The backtest results (Notebook 03) reveal that NLP-based hedging outperforms traditional factor models for idiosyncratic companies where sector labels are insufficient.

Strategy	Win Case Example	Rationale
NLP Hedge	Flextronics (FLEX)	+402 bps risk reduction. NLP correctly identified niche electronics manufacturing peers that generic "Tech" factors missed.
NLP Hedge	Mosaic (MOS)	+392 bps risk reduction. Semantic search captured the specific fertilizer/commodity risk better than broad "Materials" sector factors.
Factor Hedge	Apple (AAPL)	-200 bps. For mega-cap stocks driven by broad market flows, the systematic factor model proved superior to semantic matching.

📂 Repository Structure

.
├── data/                   # Raw and Processed data (Bloomberg, Wikipedia, Embeddings)
├── notebooks/              # Jupyter Notebooks (Sequential Logic)
│   ├── 00_exploratory_data_analysis.ipynb   # Data Cleaning & Veralto/UMB Fixes
│   ├── 01_factor_model_construction.ipynb   # Huber Robust Regression & Factor Returns
│   ├── 02_nlp_embedding_generation.ipynb    # Nomic v1.5 Embeddings & Context-Aware Chunking
│   ├── 03_hedging_strategy_comparison.ipynb # The Backtest: Factor Optimization vs.

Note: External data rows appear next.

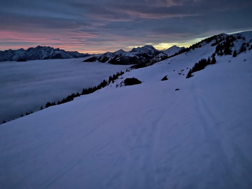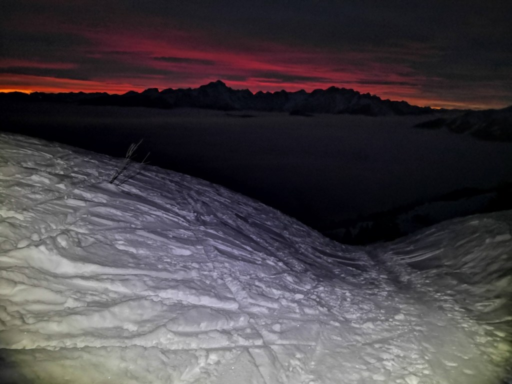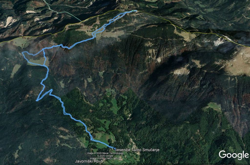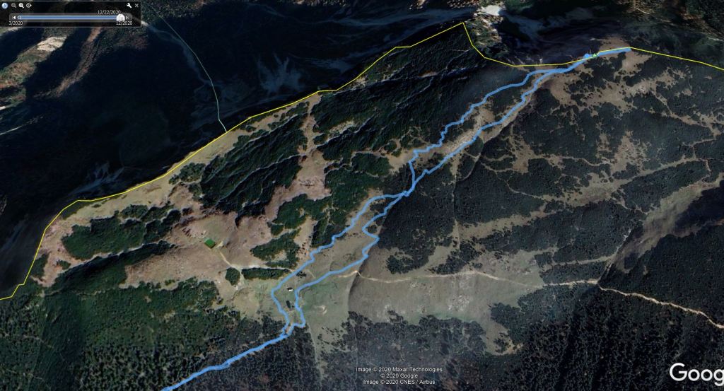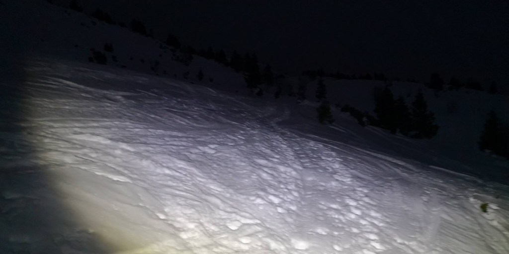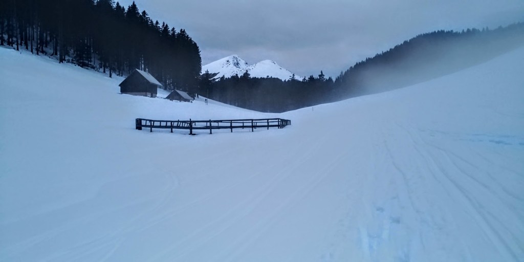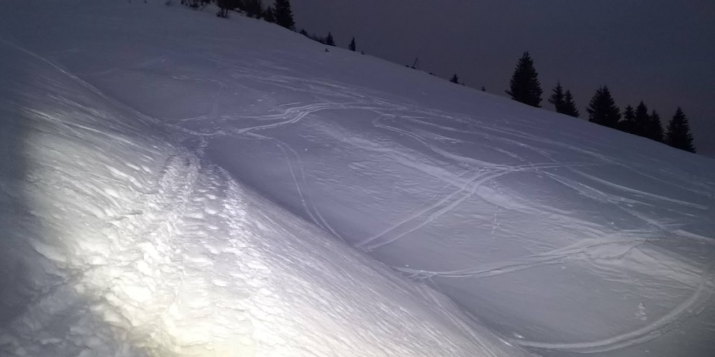 Začel sem pri Domu Pristava (969 m) v Javorniškem rovtu in nadaljeval po makadamski cesti mimo Križovca (1222 m) in Pustega rovta do Pastirskega doma Belski planini. Do sem je kar 6,5 km ceste, ki pa je na srečo povsod na debelo zasnežena. Nad gozdno mejo sem na srečo prišel ravno malo po sončnem zahodu, da sem nekaj časa lahko še užival v razgledih. Nato pa sem zagrizel v temno noč proti vrhu Struške (1944 m). Na vrhu je bilo razmeroma toplo in brez vetra. Vseeno pa je bilo toliko mraz, da je sneg pomrznil. Zato je bila smuka prek vršnega pobočja Struške vse do pastirskega stanu zelo dobra. Na cesti je bil sneg še kar trd, izven nje pa je bil južen. Skorje na srečo ni bilo nikjer. V gozdu nad Pustim rovtom, ki sem ga edinega presmučal je bil sneg sicer južen, a se je vseeno dalo lepo zavijati. Na smučeh sem se brez težav pripeljal do avta.
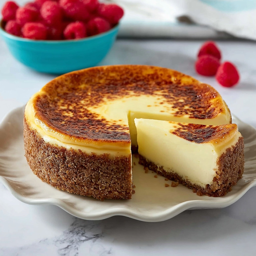 When ready to serve, gently remove the cheesecake from the springform and place it on a serving plate. Evenly sprinkle 2 to 3 tablespoons of sugar on top and use a butane kitchen torch to caramelize the sugar until you achieve a crisp, golden crust just like the classic creme brûlée. This final step adds an irresistible crunch and that coveted burnt sugar aroma.
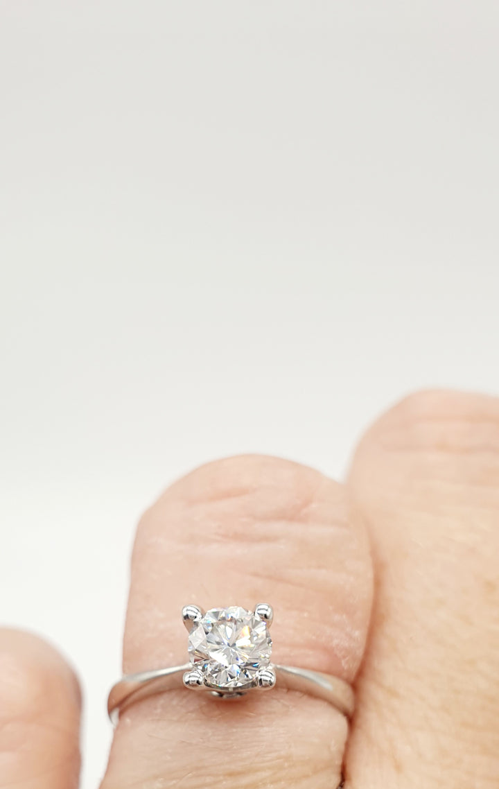 ANELLO SOLITARIO ORO BIANCO 18K 750 BRILLANTE CENTRALE 0,58 CT PUREZZA VS/H GR.3,42
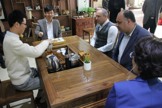 随后,马耳他旅游学院一行参观管理分院茶艺实训室和学院书法实训室。在茶艺实训室,我院学生为客人们表演了中国茶道。Pierre Fenech院长对学生茶道表演赞不绝口。Noel Buttigieg博士对中国文化非常向往,尤其对中国书法非常痴迷。在参观院书法实训室时,何铁山教授向客人们讲解了中国书法的博大精深,并赠送了一幅他的书法作品给Noel Buttigieg博士。
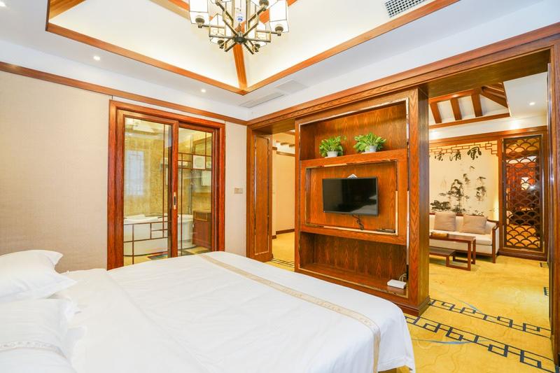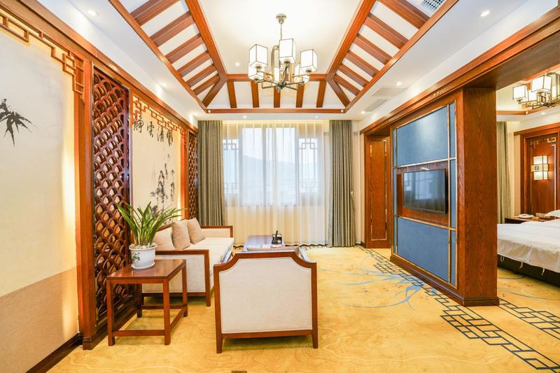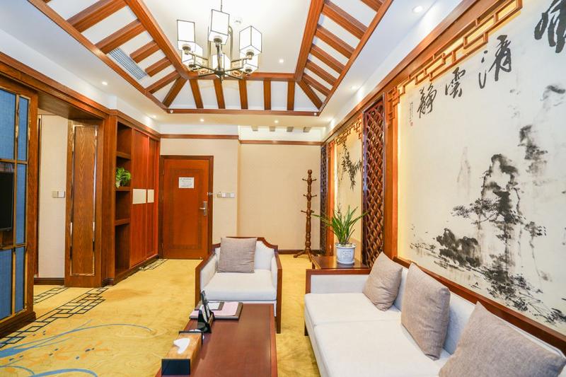 聚鑫大酒店位于苍溪县梨博园,是一家集餐饮,住宿,商务,休闲,宴会于一体的综合型酒店。四周风景灵秀,引人入胜,左靠湿地公园,梨博园,右临水上乐园,出门游玩极为方便。酒店以非物质文化遗产——秀艺真丝挂毯文化为核心,以用心服务好每一位客人为理念,只为与您一起俯看人间烟火,品尝天府之味,看那一袭淡绿的薄纱,身染一地粉嫩浅白,携一路沁人的花香,入住归眠。

NLP
│   └── 04_ai_revolution_clustering.ipynb    # Extra Credit: Unsupervised AI Clustering
├── scripts/                # Production scripts for batch jobs
├── src/                    # Source code package (adv_hedging)
│   ├── hedging/            # Optimization & Metrics
│   ├── nlp/                # Text Processing & Embeddings
│   └── risk_model/         # Factor Engine
├── environment.yml         # Conda environment definition
└── pyproject.toml          # Python dependencies

🛠 Installation & Setup

This project uses a custom Conda environment (hedging_clean) with Python 3.10.

Clone the Repository:

git clone [https://github.com/your-username/advanced-portfolio-hedging.git](https://github.com/your-username/advanced-portfolio-hedging.git)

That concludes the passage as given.